Entretanto, Sethi escribe que "Rusia y China consideran amenazante el empeño de Washington en la defensa contra misiles balísticos y su iniciativa Ataque Global Inmediato". Solo puedo confirmar que su impresión es correcta. No logro comprender cómo puede pensarse que estos dos proyectos de EE.UU. contribuyen de alguna manera a los esfuerzos antiterroristas y en particular a la no proliferación. Por el contrario, solo aumentan el riesgo de un conflicto nuclear entre las grandes potencias y hacen que las armas nucleares sean más atractivas. Como mínimo, disuaden a Rusia de llevar a cabo nuevas reducciones de su arsenal nuclear y a China de mantener su arsenal nuclear en los niveles actuales.
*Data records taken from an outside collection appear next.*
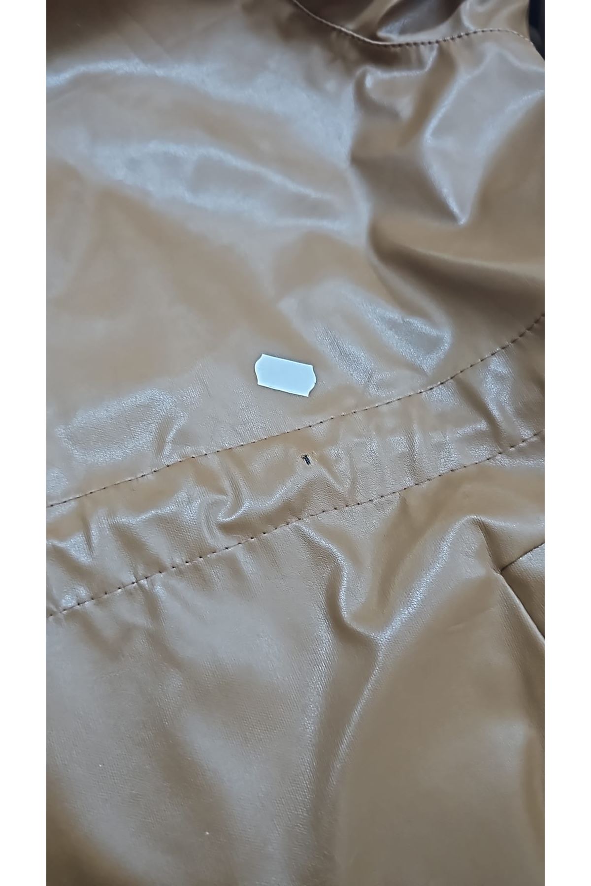D-53055 Büyük Beden Bebe Lastik Detaylı Zara Deri Trençkot - Taba
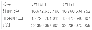 COMEX 3月17日黄金库存统计
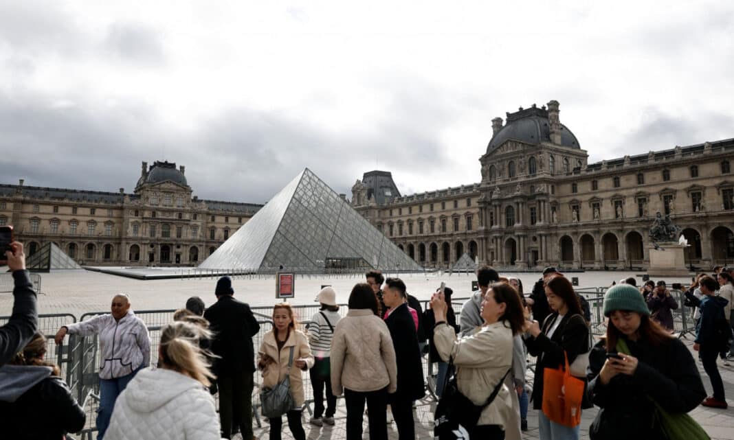 Γάλλοι αστυνομικοί έξω από το μουσείο του Λούβρου μετά την κινηματογραφική ληστεία στις 19 Οκτωβρίου
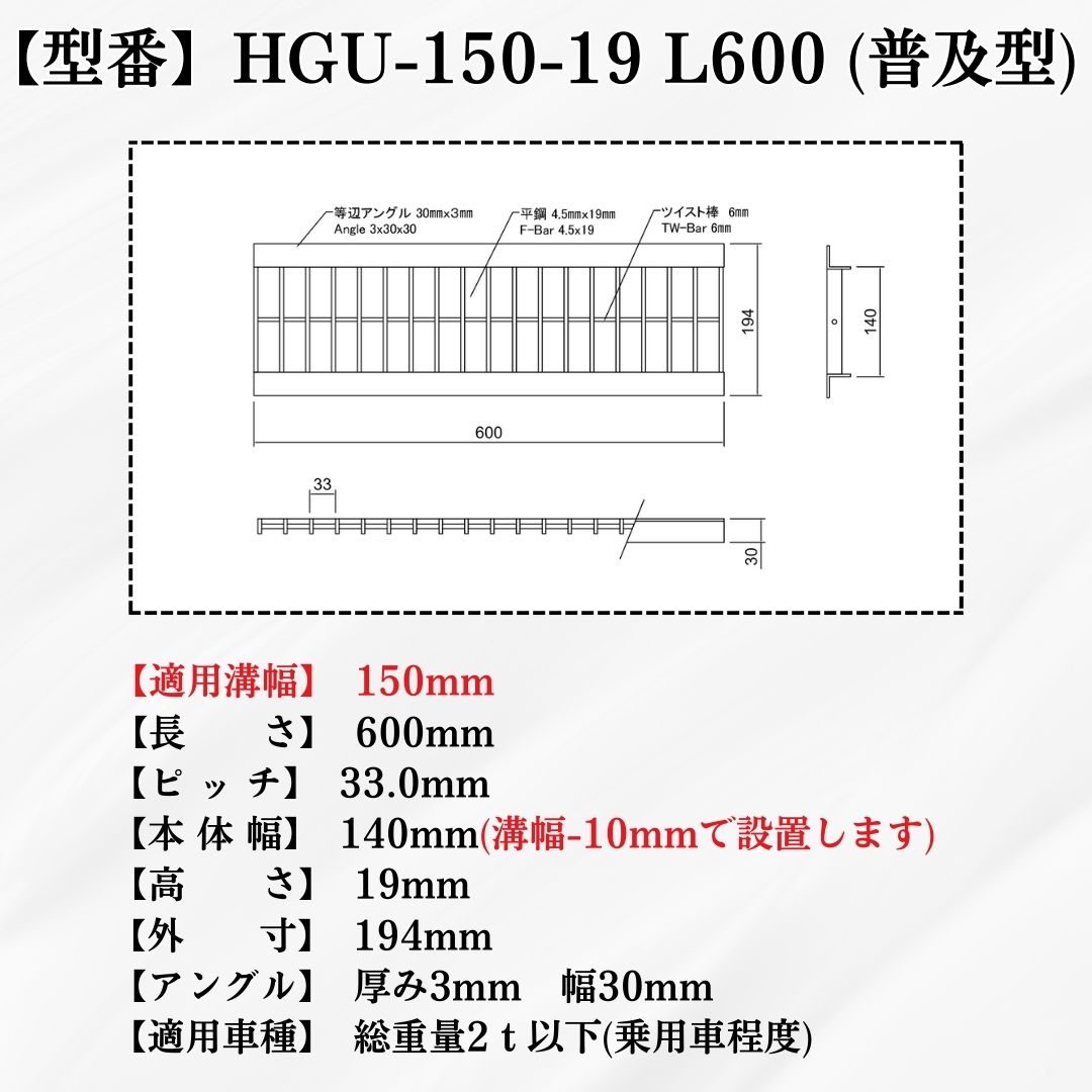 グレーチング U字溝 HGU-150-19L600 溝幅150mm用 乗用車荷重 規格 T-2 溝 蓋 側溝 普及型 並目 L600 法山本店
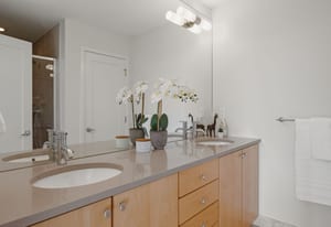 Two spacious bedrooms and two full bathrooms offer comfort and flexibility. The primary bedroom features a generous walk-in closet and a double vanity with shower, while the second bedroom includes an oversized closet and convenient access to the second full bath.
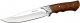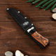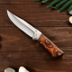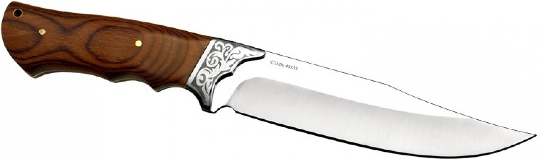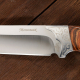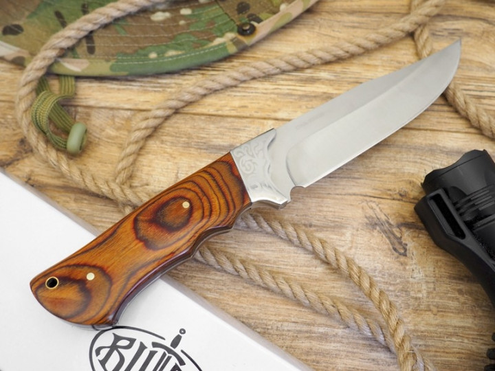 Деревянная рукоять красива, эффектно выглядит, а кроме того удобна благодаря хорошо выраженным подпальцевым выемкам и больстеру, который служит небольшим упором для указательного пальца. Фигурный больстер также служит декоративным элементом благодаря символическому узору на растительную тематику.

Desde el punto de vista de Rusia, el Ataque Global Inmediato es un concepto muy peligroso. La idea es que el ejército de EE.UU. sería capaz de atacar rápidamente cualquier punto del planeta con armas convencionales de alta precisión portadas por sistemas de vectores estratégicos (principalmente lanzadas desde submarinos). El impulso inicial del proyecto se debió a la incapacidad de EE.UU. en 2001 de llegar hasta Osama bin Laden en su complejo de cuevas de Tora Bora, en Afganistán. Sin embargo, existe un problema fundamental: los sistemas rusos de alerta temprana no pueden distinguir entre los misiles convencionales y los misiles de largo alcance provistos de armas nucleares. Las posibles consecuencias que aparejaría el lanzamiento de un misil en dirección a Rusia son evidentes. Esto es particularmente preocupante porque la ruta más corta hacia una amenaza originada al sur de Rusia (donde se originan la mayoría de las amenazas actuales) podría extenderse sobre el Polo Norte, y esto podría llevar fácilmente a que los misiles pasaran por encima del vasto territorio de Rusia. Este es el ejemplo más evidente de una amenaza de misiles para Rusia, pero puede haber otros. Por ejemplo, un misil balístico lanzado desde un submarino (SLBM, por sus siglas en inglés) desde el Atlántico Norte hacia un blanco en algún país al sur de Rusia, no volaría sobre el Polo Norte pero pasaría sobre Rusia. Lo mismo ocurre con los SLBM lanzados desde el Pacífico central.

Mientras tanto, Estados Unidos sigue desarrollando su sistema de defensa contra misiles balísticos, a pesar de las preocupaciones y objeciones de Rusia y China. La defensa antimisiles de EE.UU. solo desalentará a estos dos países, y tal vez a otros, de reducir el papel de las armas nucleares en sus propias doctrinas militares. La disuasión depende del equilibrio. Si se altera el equilibrio estratégico entre Rusia y Estados Unidos, a Moscú le resultará imposible seguir reduciendo su arsenal nuclear. Las reducciones a partir de un cierto nivel dejarían a Rusia sin un elemento de disuasión nuclear creíble.